I still have mixed emotions on adoption.  My feelings are my own personal mixed emotions.  (In the case of my daughter)  But I do see adoption as a wonderful alternative option to abortion"Life" is God given.  I believe in the triad. I believe also that everyone is different.  I have had some adoptees tell me they never felt different that they felt very loved and that they did feel they belonged with the A-parents, Or that they have told me that they didn't belong in the family that they were raised in.  I have had adoptees tell me that they had a wonderful life, good adoptive parents and that they still felt they didn't belong.  Why is this?  It is as unique as we are unique.  We are all wonderfully made, Yet deep in our hearts no two people are alike.  I have had birthmothers get caught up in that they are the adoptees MOTHER.  Yes, we are there First Mothers, in the aspect that we nurtured them in our wombs to birth. (With great love we wanted to be their mothers) We are First Mothers, What I like to call their Angel Bringers of life.  But, we are not their Mothers as they know us.  A mother is the one that was their for all their needs, emotionally, physically, and spiritually.  In my case my daughter was told she was adopted when she was 7, she was shocked.  She thought how can this be.  I look like them!  She was told how much she was loved by me, and them.  How special she was. After the initial shock, she went and got on the school bus and sang a song to the other kids, I am adopted!  I am special!  I am adopted!  The most healing words I ever heard was from my birthdaughter.  She said thank you Lucy for giving me life!  She and I have had a good reunion.  She is now 22, she has distanced herself lately from me.  But that is okay, she is searching still for her own identity.  I remember growing up and at 22 I was still searching for myself.  I wasn't adopted and I had major issues.  Parents do the best they can with their reared children, yet there is still a lot of dysfunctional families created year after year. I had good parents, yet I still was very worldly and hardheaded.  If you hit rock bottom enough, you finally learn.  Learn to cry out to the Lord!

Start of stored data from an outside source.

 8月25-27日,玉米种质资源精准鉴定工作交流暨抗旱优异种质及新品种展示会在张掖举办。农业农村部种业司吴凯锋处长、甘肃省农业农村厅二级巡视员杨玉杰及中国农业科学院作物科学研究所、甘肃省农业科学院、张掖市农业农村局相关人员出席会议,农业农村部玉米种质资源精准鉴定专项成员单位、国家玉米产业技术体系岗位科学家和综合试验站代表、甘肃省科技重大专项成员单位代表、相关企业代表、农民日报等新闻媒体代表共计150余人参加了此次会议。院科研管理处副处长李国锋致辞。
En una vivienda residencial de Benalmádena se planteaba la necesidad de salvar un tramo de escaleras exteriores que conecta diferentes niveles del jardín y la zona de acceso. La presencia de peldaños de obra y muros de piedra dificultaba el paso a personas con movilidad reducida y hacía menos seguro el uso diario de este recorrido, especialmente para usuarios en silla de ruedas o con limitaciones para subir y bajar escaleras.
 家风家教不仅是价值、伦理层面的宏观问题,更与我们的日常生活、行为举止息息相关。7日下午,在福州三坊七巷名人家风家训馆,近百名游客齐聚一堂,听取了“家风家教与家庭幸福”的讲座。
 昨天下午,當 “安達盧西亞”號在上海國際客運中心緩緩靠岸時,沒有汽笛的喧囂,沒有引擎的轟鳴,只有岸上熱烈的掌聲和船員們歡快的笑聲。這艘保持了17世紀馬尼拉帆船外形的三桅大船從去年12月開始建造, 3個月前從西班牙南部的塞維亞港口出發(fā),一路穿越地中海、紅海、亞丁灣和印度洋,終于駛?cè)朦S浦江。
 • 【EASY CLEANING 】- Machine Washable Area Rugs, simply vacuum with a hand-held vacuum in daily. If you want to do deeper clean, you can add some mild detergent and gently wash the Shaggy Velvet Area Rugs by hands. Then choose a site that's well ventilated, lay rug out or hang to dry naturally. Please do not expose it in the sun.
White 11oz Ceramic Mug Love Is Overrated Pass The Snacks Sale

My thoughts on adoption, are Open.  I choose to look at the circumstances, and even in the worst of circumstances I choose to find good.  To be strong and preserve over the past.  Life goes on.  She's living hers, I mine.  We are bonded by blood and much love forever.  No one can take that from she and I. She knows that her Lucy will always love her, and be there for her, when she falls.  I and God will pick her up, and kiss away the hurts.  Thank you God for a second chance!
My miracle second chance occurred 7/5/2000. Reunited!!!